> _ACTIVITY_: The answer should hold only the lines from the beginning of the listing below to the line containing "赛场上运动员们挑战自我、突破", both included, with every picture left out.

> _PROVIDED MATERIAL_:
--------
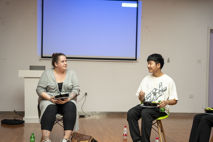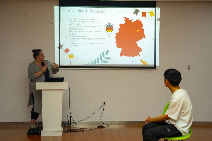 接下来,Nathalie(娜塔莉)同学带来了德国的风情与美食主题分享,任芙申、丁一、孙润萌同学也分享了家乡的风俗与美食,其间气氛十分活跃,体现了中外文化的良好交流。
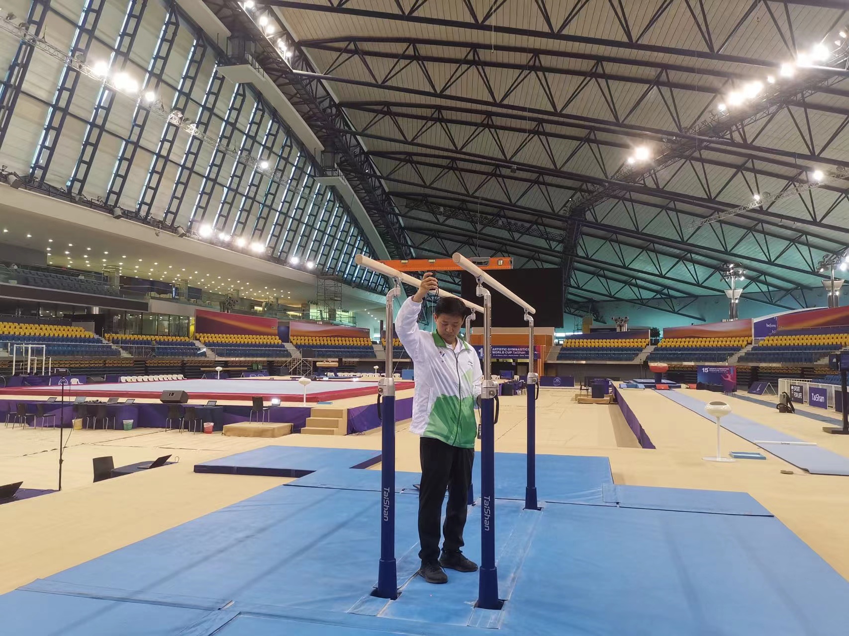 赛场上运动员们挑战自我、突破极限,赛场外开云电竞也用优质产品和完美服务闪耀舞台,向观众献上一场视觉盛宴!开云电竞是国际体联的官方合作伙伴,作为全球唯一一家体操器材全部通过国际体操联合会认证的体育品牌,也是全球同行业通过国际认证数量最多的企业,开云电竞出色服务过2018多哈体操世锦赛、2021北九州体操及艺术体操世锦赛、第14届“泰山杯”国际体操联合会体操世界杯等多项国际体操顶级赛事,赢得了国际体联和体操业内人士的高度赞誉。再次选择泰山,是当之无愧,乃众望所归!
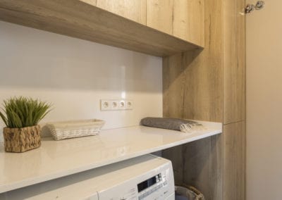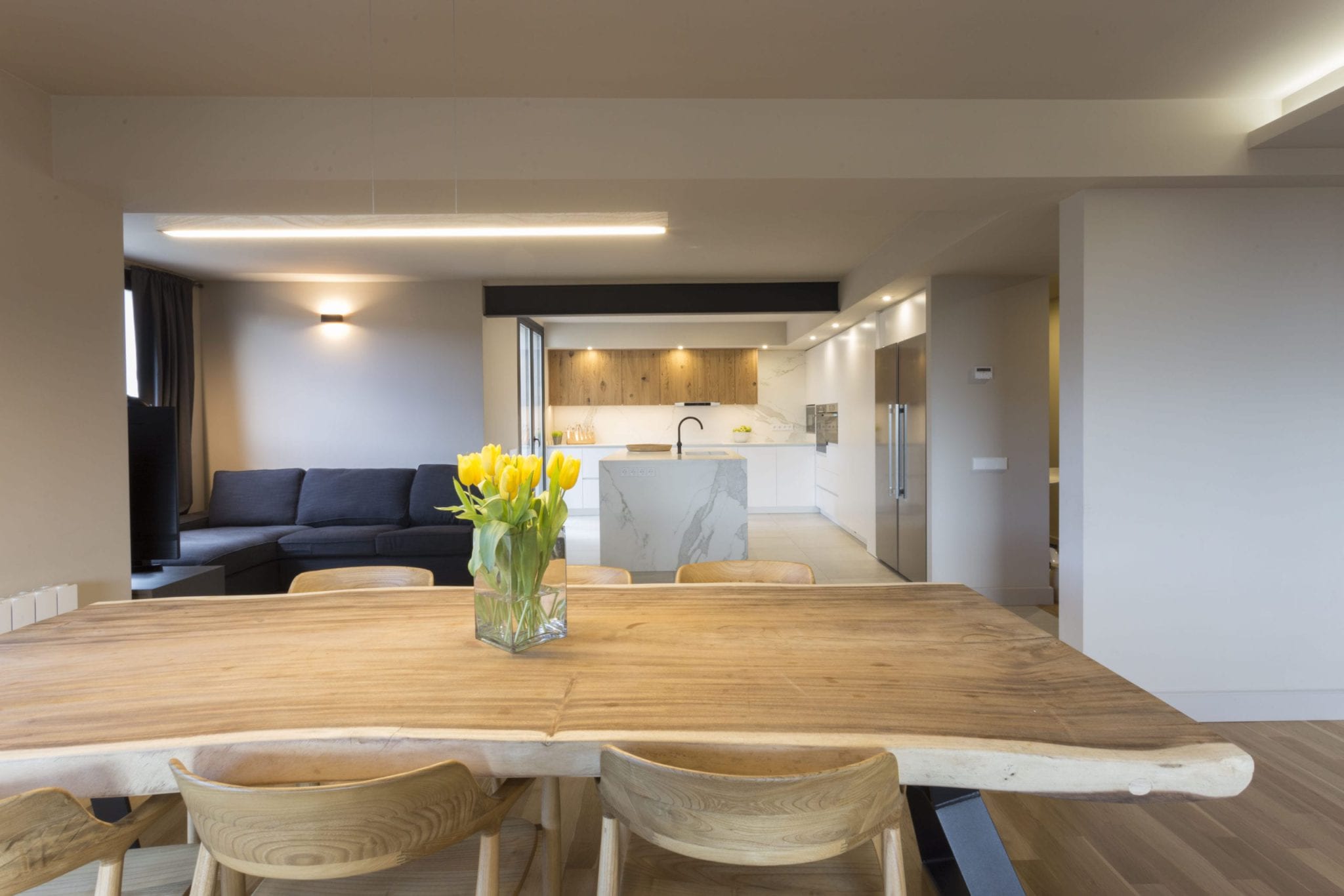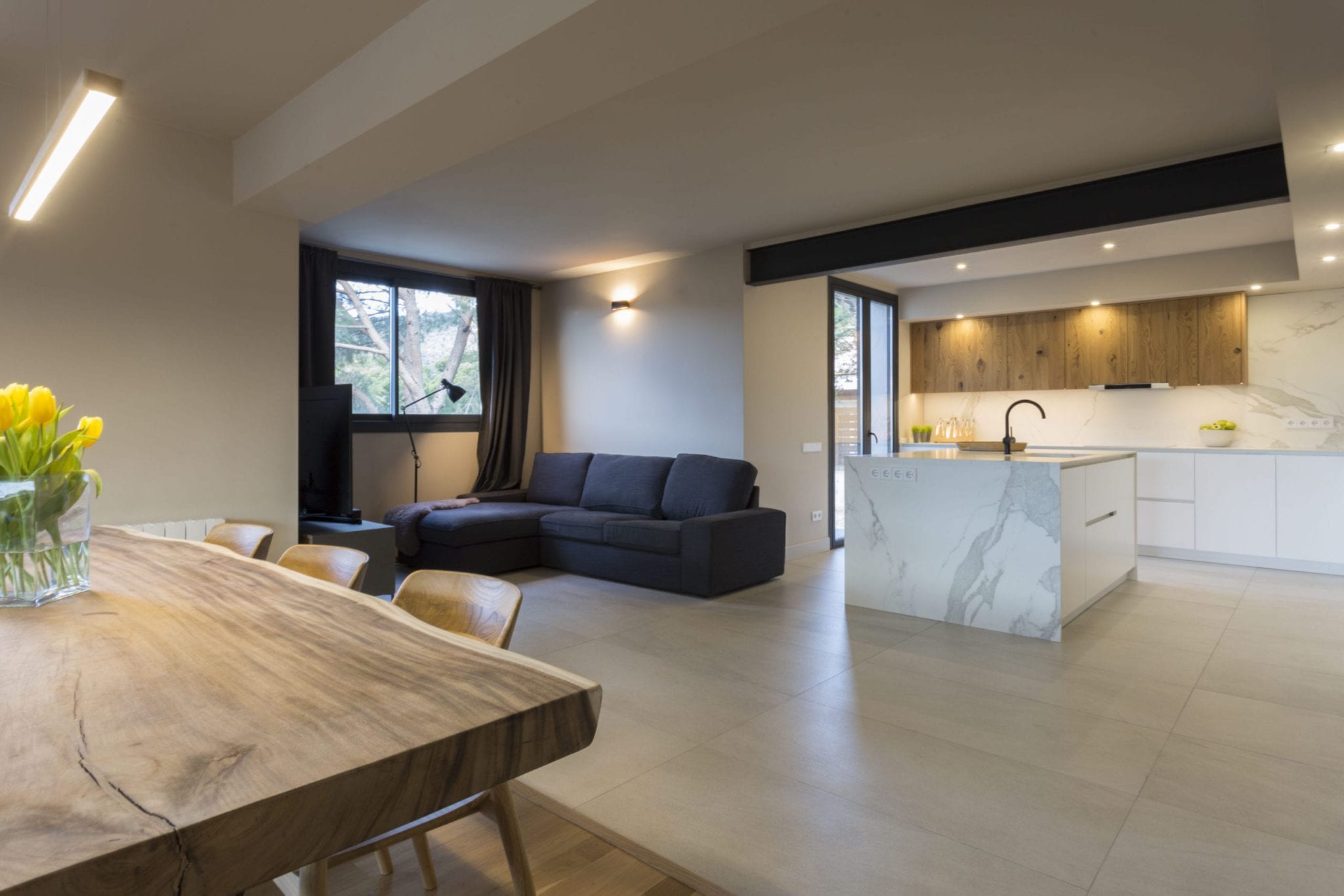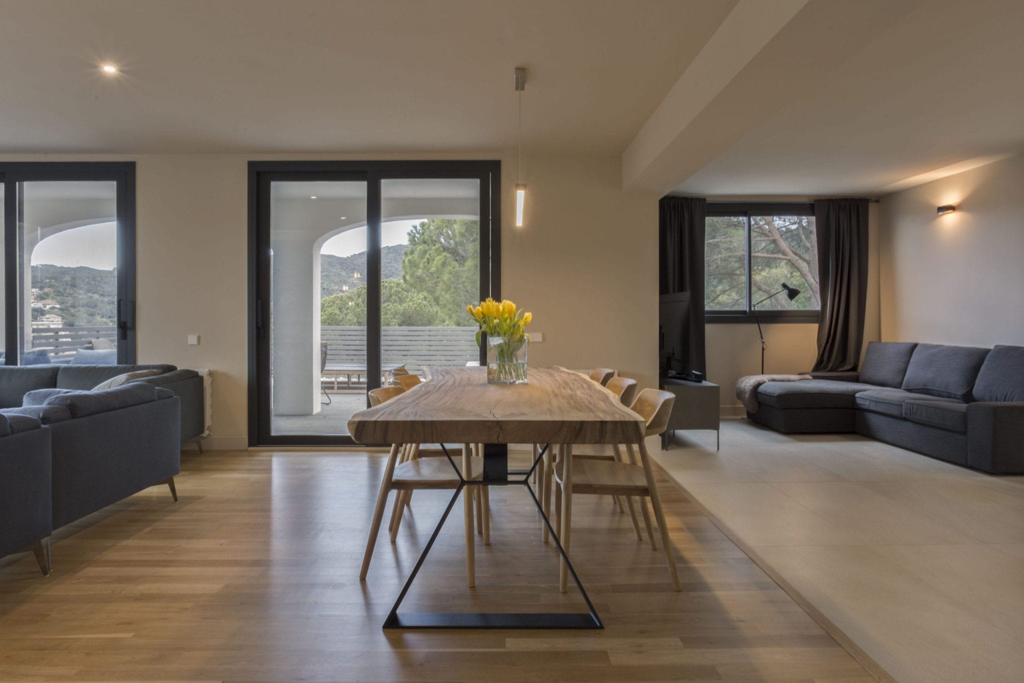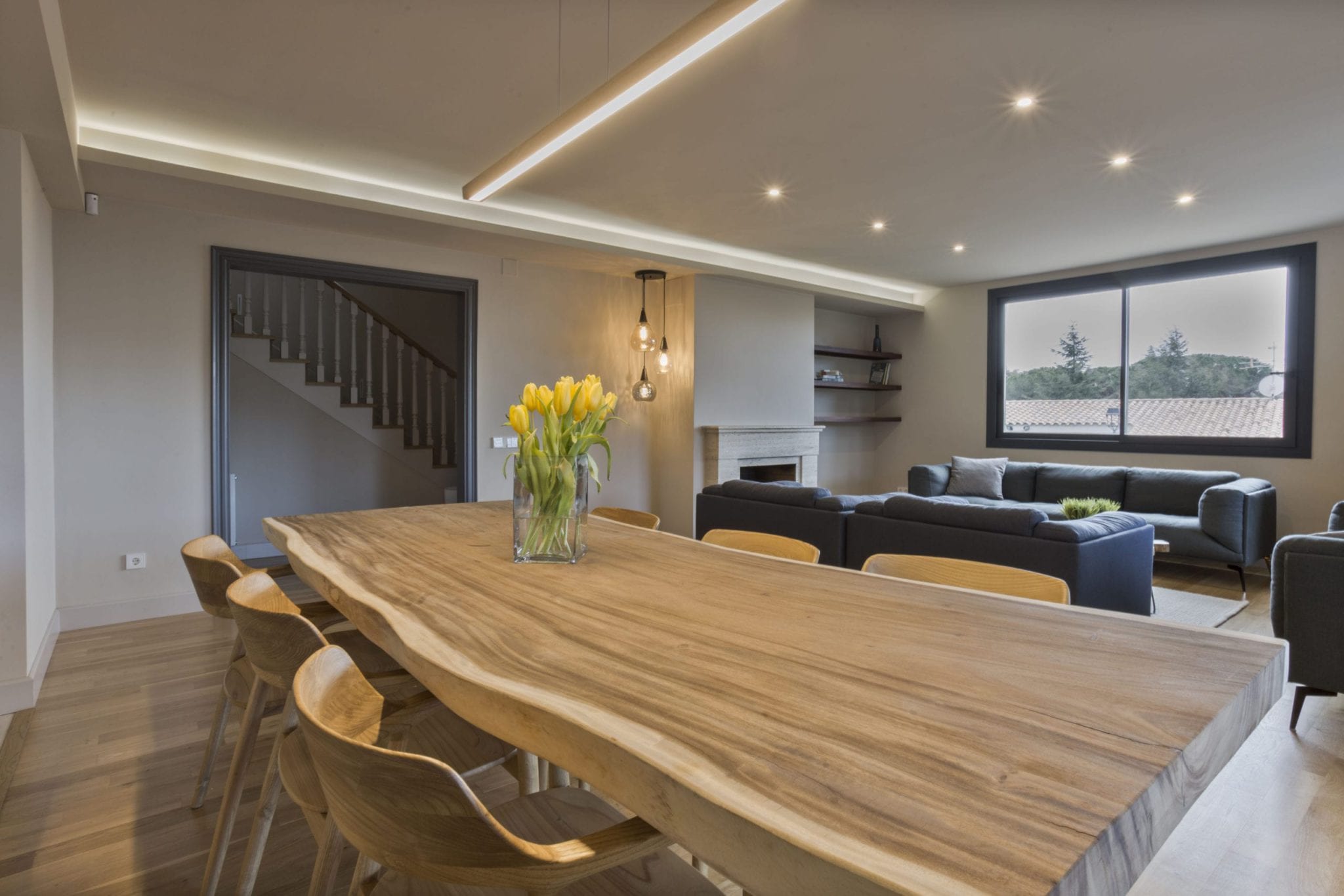 Aprofitant tot l’espai de la zona de més activitat en la llar, s’ha creat un ambient diàfan amb un saló menjador en dos nivells, amb parquet natural preciós i la fusta com a principal protagonista. Els elements que més destaquen són el contrast de grisos dels tancaments a conjunt amb sofà i cortines, destacant sobre l’ambient suau i càlid que ofereix la fusta. Unes flors fresques harmonitzen tot l’espai i li aporten calidesa de llar.
--------
> _ANSWER SECTION_:
 接下来,Nathalie(娜塔莉)同学带来了德国的风情与美食主题分享,任芙申、丁一、孙润萌同学也分享了家乡的风俗与美食,其间气氛十分活跃,体现了中外文化的良好交流。
 赛场上运动员们挑战自我、突破极限,赛场外开云电竞也用优质产品和完美服务闪耀舞台,向观众献上一场视觉盛宴!开云电竞是国际体联的官方合作伙伴,作为全球唯一一家体操器材全部通过国际体操联合会认证的体育品牌,也是全球同行业通过国际认证数量最多的企业,开云电竞出色服务过2018多哈体操世锦赛、2021北九州体操及艺术体操世锦赛、第14届“泰山杯”国际体操联合会体操世界杯等多项国际体操顶级赛事,赢得了国际体联和体操业内人士的高度赞誉。再次选择泰山,是当之无愧,乃众望所归!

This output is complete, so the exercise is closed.